# Re-introducing cagemate ?



## ilymorgannn (May 7, 2012)

When I adopted Helena, we didn't know she was pregnant. I acclimated her to her cagemate Hope and they got along great after about a week of having their cages side by side, switching them, neutral territory, etc. However when Helena unexpectedly gave birth, I put Hope in a separate cage, as that's what I was advised to do. My question is, when can they both be back in the same cage ? I don't want anything to go wrong. The babies are over a week old now. And Hope is getting lonely without her buddy. The babies won't be adopted out until they are 5-6 weeks of age, and I will be keeping 2 girls. I feel guilty having Hope living alone for that long.

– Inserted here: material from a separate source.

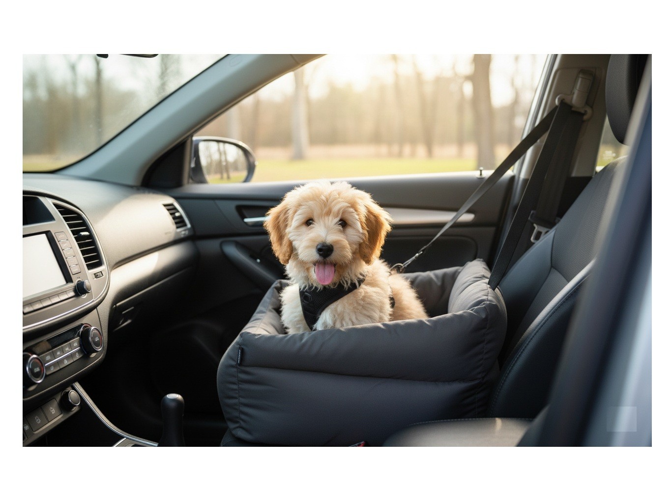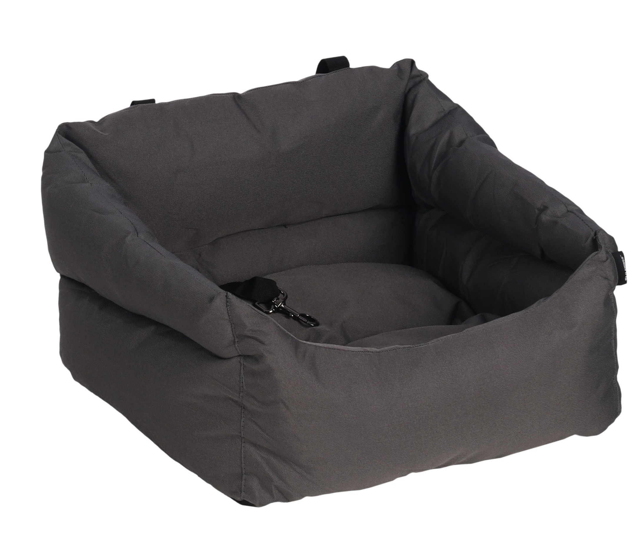 Siège auto pour chien Jangles conçu pour assurer confort et sécurité lors des trajets en voiture. Structure en polyester résistant à l’eau avec rembourrage en fibre de polyester pour une assise stable et confortable.

Sorry for the novel, any advice/input ?


----------



## HelloClarice (Feb 1, 2012)

I think its adviced to let Helena out for a little while [half hour?] to have some relax time w/out the bubs maybe you can let her and Hope play for a little when she is out and see how it goes =]


----------



## ilymorgannn (May 7, 2012)

HelloClarice, when I clean Helena's cage I do take her out and put her in with Hope. However she's so upset about being removed from her babies that she tries everything in her power to get back into the cage with her babies !


----------



## RattyShay (Jun 11, 2012)

What a good mom! I hope mine is this devoted. =^.^=


----------



## Maiden (Mar 9, 2012)

Just to clarify, I have never had to deal with a litter, but I do have an idea so here it is.

It sounds to be like Helena still likes Hope, but she is a very devoted mom. This could cause a problem if she becomes so devoted that she will attack Hope to keep her from the babies. It sounds to me like, if you want to introduce them back together, you might have to see how Hope likes the babies. Hope could do of three things: She could fall for the babies and help Helena care for them, she could care less about the babies, or she could try and hurt them. Try doing a side by side with the babies on the side closest to Hope's cage. Watch to see if Helena moves the babies away from that side of the cage. If she moves them away it is a pretty clear indicator she will not want Hope near her babies.

Also, being side by side she gets to see her friend more, and it could help get Hope used to the smell of the babies. 

See how that goes, I'll be watching the thread for updates ^-^ (and baby pictures are loved)


----------